40. A method according to claim 39 wherein the disease is cancer.

41. A method according to claim 40 wherein the cancer is selected from diffuse large B-cell lymphoma (DLBCL) , Non- Hodgkin's lymphoma, leukaemia, cervical, prostate, stomach, colon, head and neck, renal, breast or lung cancer.

42. A method according to claim 41 wherein the diffuse large B-cell lymphoma (DLBCL) is the activated B-cell-like subtype (ABC) of diffuse large B-cell lymphoma (DLBCL) .

43. An siRNA molecule as defined in any one of claims 28 to 31 for use in the treatment of disease.

44. The use according to claim 43 wherein the disease is cancer.

45. The use according to claim 44 wherein the cancer is selected from diffuse large B-cell lymphoma (DLBCL) , Non Hodgkin's lymphoma, leukaemia, cervical, prostate, stomach, colon, head and neck, renal, breast or lung cancer.

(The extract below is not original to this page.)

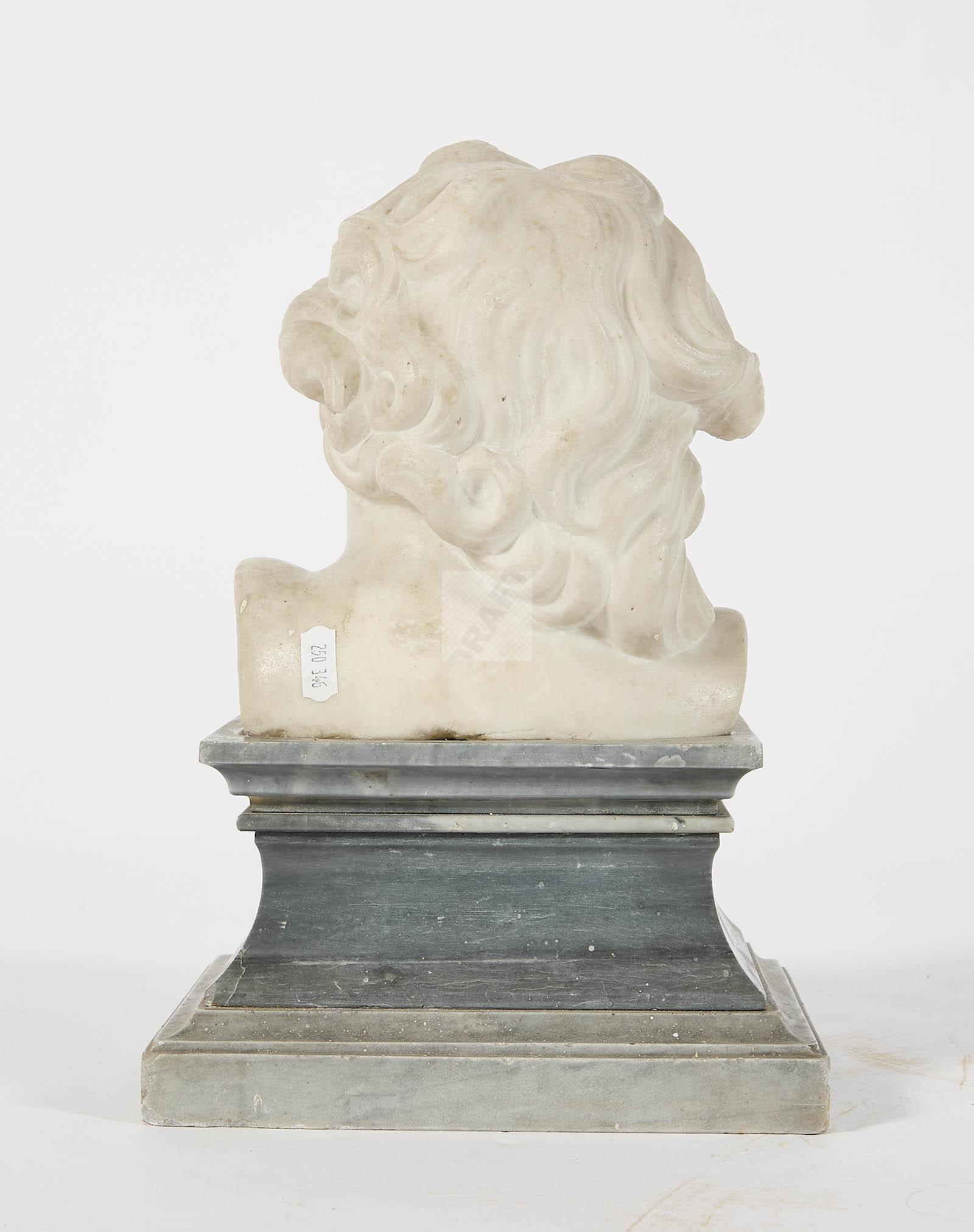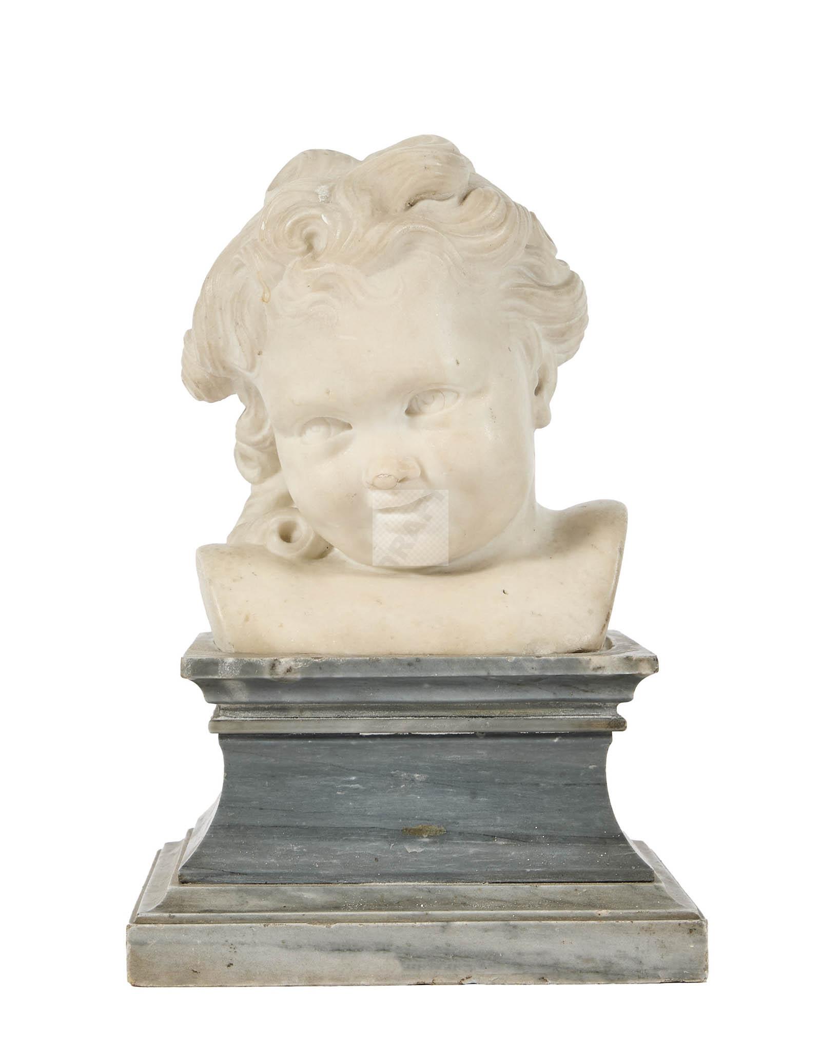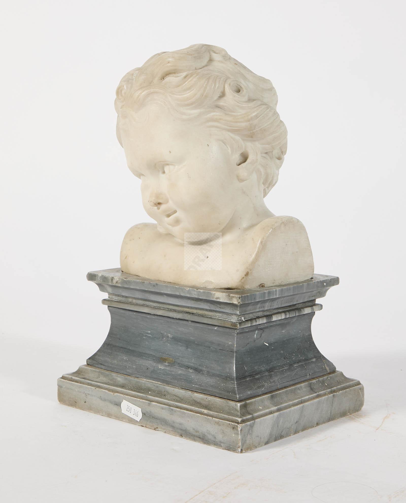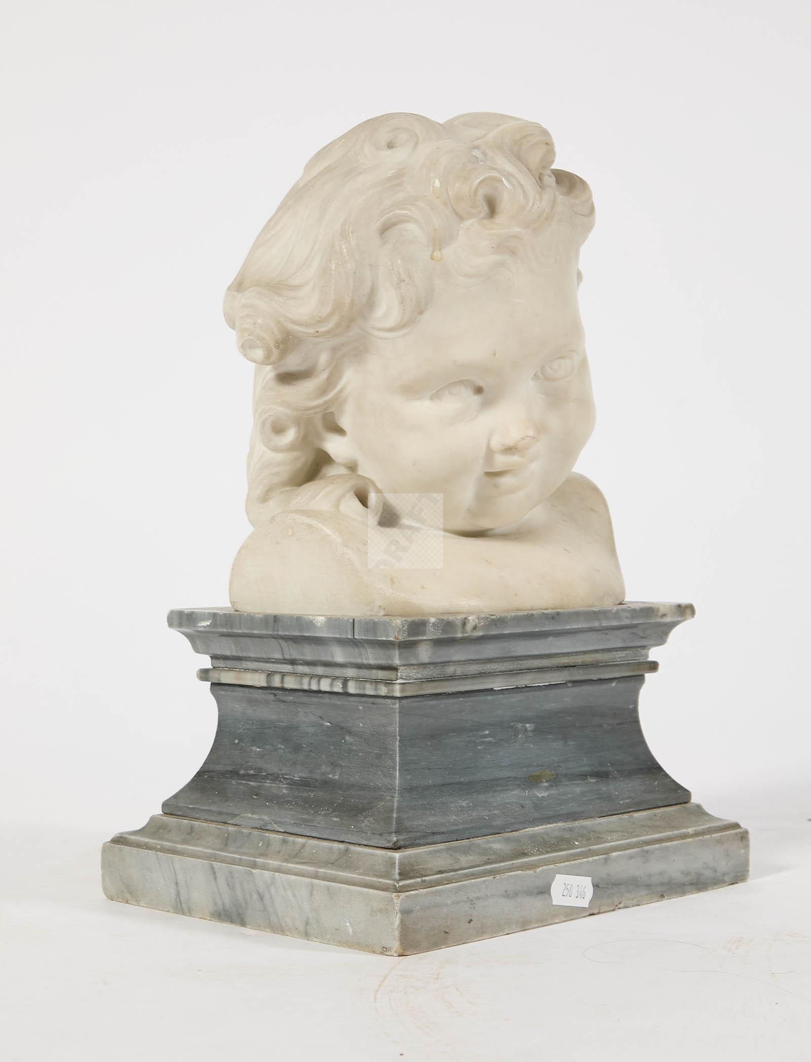 Tête d’enfant souriant en marbre de Carrare reposant sur une base en marbre bleu turquin.

46. The use according to claim 45 wherein the diffuse large B-cell lymphoma (DLBCL) is the activated B-cell-like subtype (ABC) of diffuse large B-cell lymphoma (DLBCL) .

47. A pharmaceutical composition comprising a siRNA molecule as defined in any one of claims 28 to 31 together with a pharmaceutically acceptable carrier.

48. The composition of claim 47 wherein the carrier is a lipid based carrier.

49. The composition of claim 48 wherein the lipid based carrier is a liposome.